10 de octubre de 2011

Del Cardenal Piacenza a los seminaristas

El futuro de la Iglesia, que es cierto, porque está en las manos de su Cabeza y Señor, que es Cristo, pulsa en vuestras existencias. Los seminaristas de hoy, Sacerdotes de mañana, son la esperanza viva del camino que la Iglesia siempre realiza en el mundo. Gracias de corazón, en nombre de la Iglesia, por el vuestro sí ¡tan generoso! Sabed desde ahora, que el Prefecto de la Congregación para el Clero reza por vosotros, para que el vuestro sí al Señor sea total e incondicionado.

Esto es el secreto de la felicidad, el secreto de la plena realización de la vida Sacerdotal: donar todo, sin conservar nada para uno mismo, ¡siguiendo el ejemplo de Jesús!

No pretendo en este encuentro proponeros una conferencia, sino, sencillamente, un coloquio informal, concediendo espacio a vuestras eventuales preguntas espontáneas. A vuestras preguntas antepongo algunas breves reflexiones sobre lo que juzgo fundamental hoy, y siempre, en la formación sacerdotal.

1. El primado de Dios

Es algo adquirido por la experiencia eclesial, que las vocaciones nacen, florecen, se desarrollan y llegan a madurez sólo donde se reconoce claramente el primado de Dios. Cualquier otra motivación, que también puede acompañar el inicio de la percepción de una llamada al sacerdocio, confluye en el movimiento de total donación al Señor y en el reconocimiento de su primado en nuestra vida, en la vida de la Iglesia y en la del mundo.

Primado de Dios significa primado de la oración, de la intimidad divina; primado de la vida espiritual y sacramental. La Iglesia no tiene necesidad de gestores, ¡sino de hombres de Dios! No tiene necesidad de sociólogos, psicólogos, antropólogos, politólogos - y todas las demás actuaciones que conocemos y podemos imaginar.

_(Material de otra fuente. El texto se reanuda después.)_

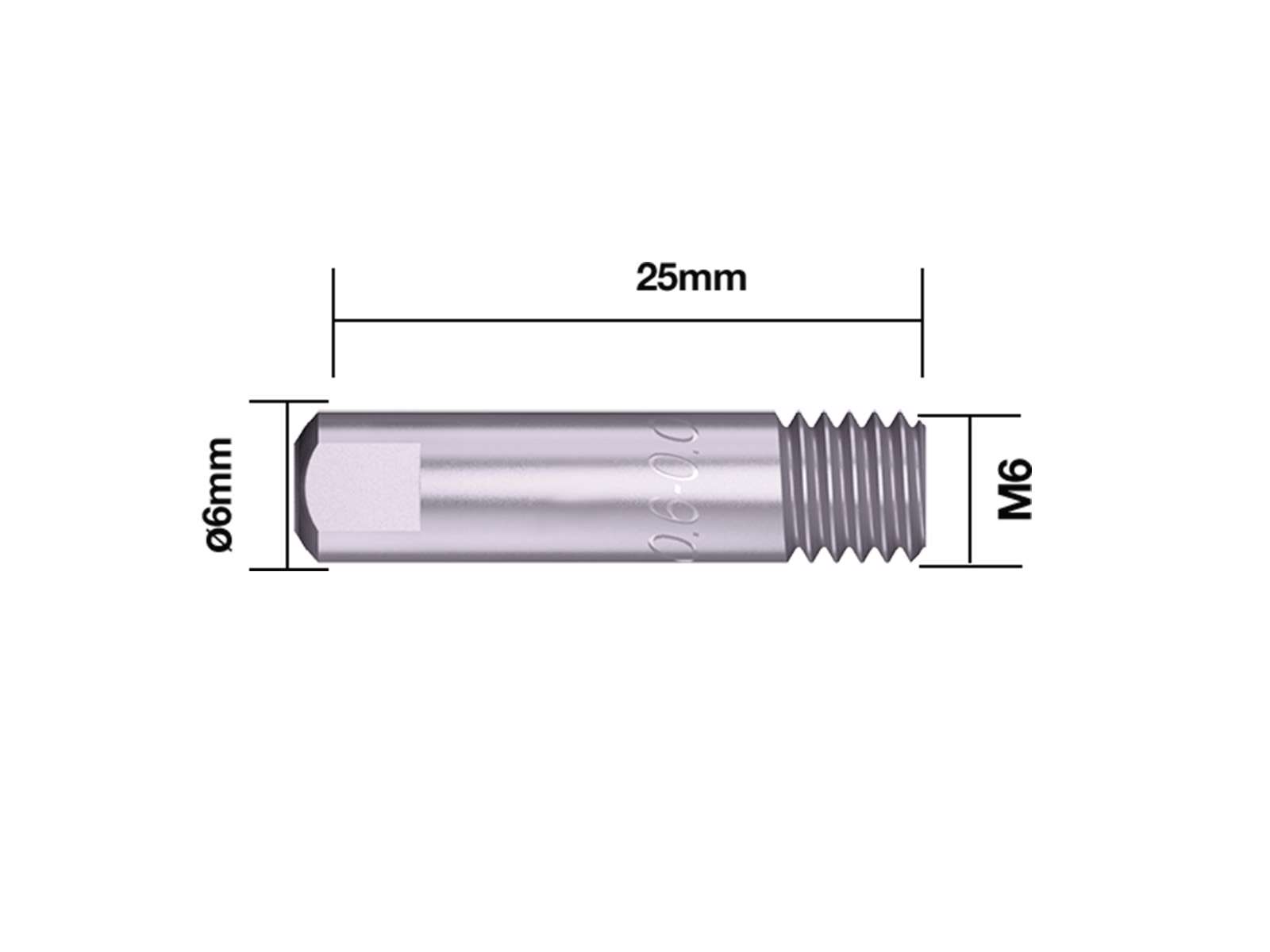 Mål: Længde 25 mm; gevind M6.
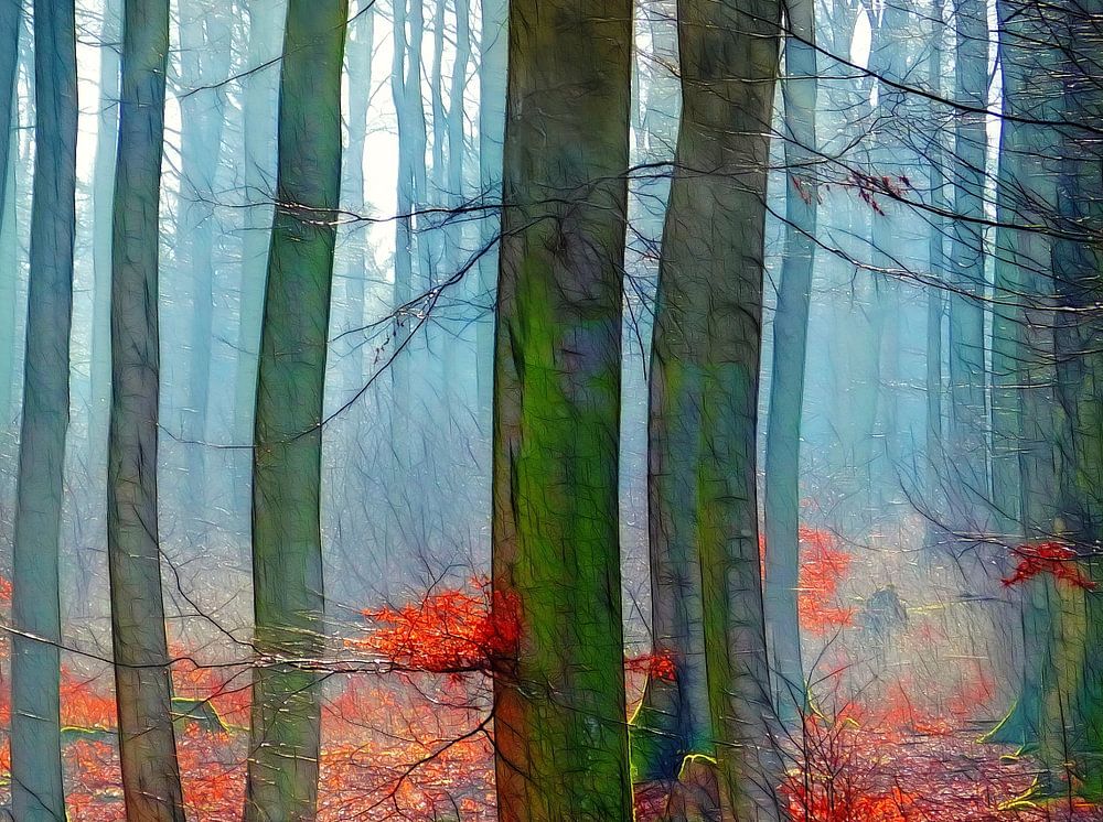 Tree trunks in a misty forest of Sauerland. A mysterious atmosphere... The fine colours of mist and leaves on the ground create beautiful shades in this image!

La Iglesia tiene necesidad de hombres creyentes y , por tanto, creíbles, de hombres que, acogida la llamada del Señor, ¡sean sus motivados testigos en el mundo!

Primado de Dios significa primado de la vida sacramental, vivida hoy y ofrecida, a su tiempo, ¡a todos nuestros hermanos! Muchas cosas pueden encontrar los hombres en los otros; en el Sacerdote, sin embargo, buscan lo que sólo él puede dar: la divina Misericordia, el Pan de vida eterna, un nuevo horizonte de significado ¡que haga más humana la vida presente y posible la eterna!


Vivid, queridísimos Seminaristas, este tiempo del seminario – que es transeúnte – como la gran ocasión que se os da para realizar una extraordinaria experiencia de intimidad con Dios.

La relación que habréis tejido con Él en estos años, ciertamente se profundizará y cambiará durante la vida, pero los fundamentos, el meollo de aquella relación, ¡se constituyen ahora! El tiempo del Seminario es, en dicho sentido, ¡irrepetible! No obstante cualquier buena experiencia que pueda acaecer en nuestra vida, antes y después de este tiempo, la sabiduría de la Iglesia indica el momento formativo comunitario como necesario para la formación de sus Sacerdotes.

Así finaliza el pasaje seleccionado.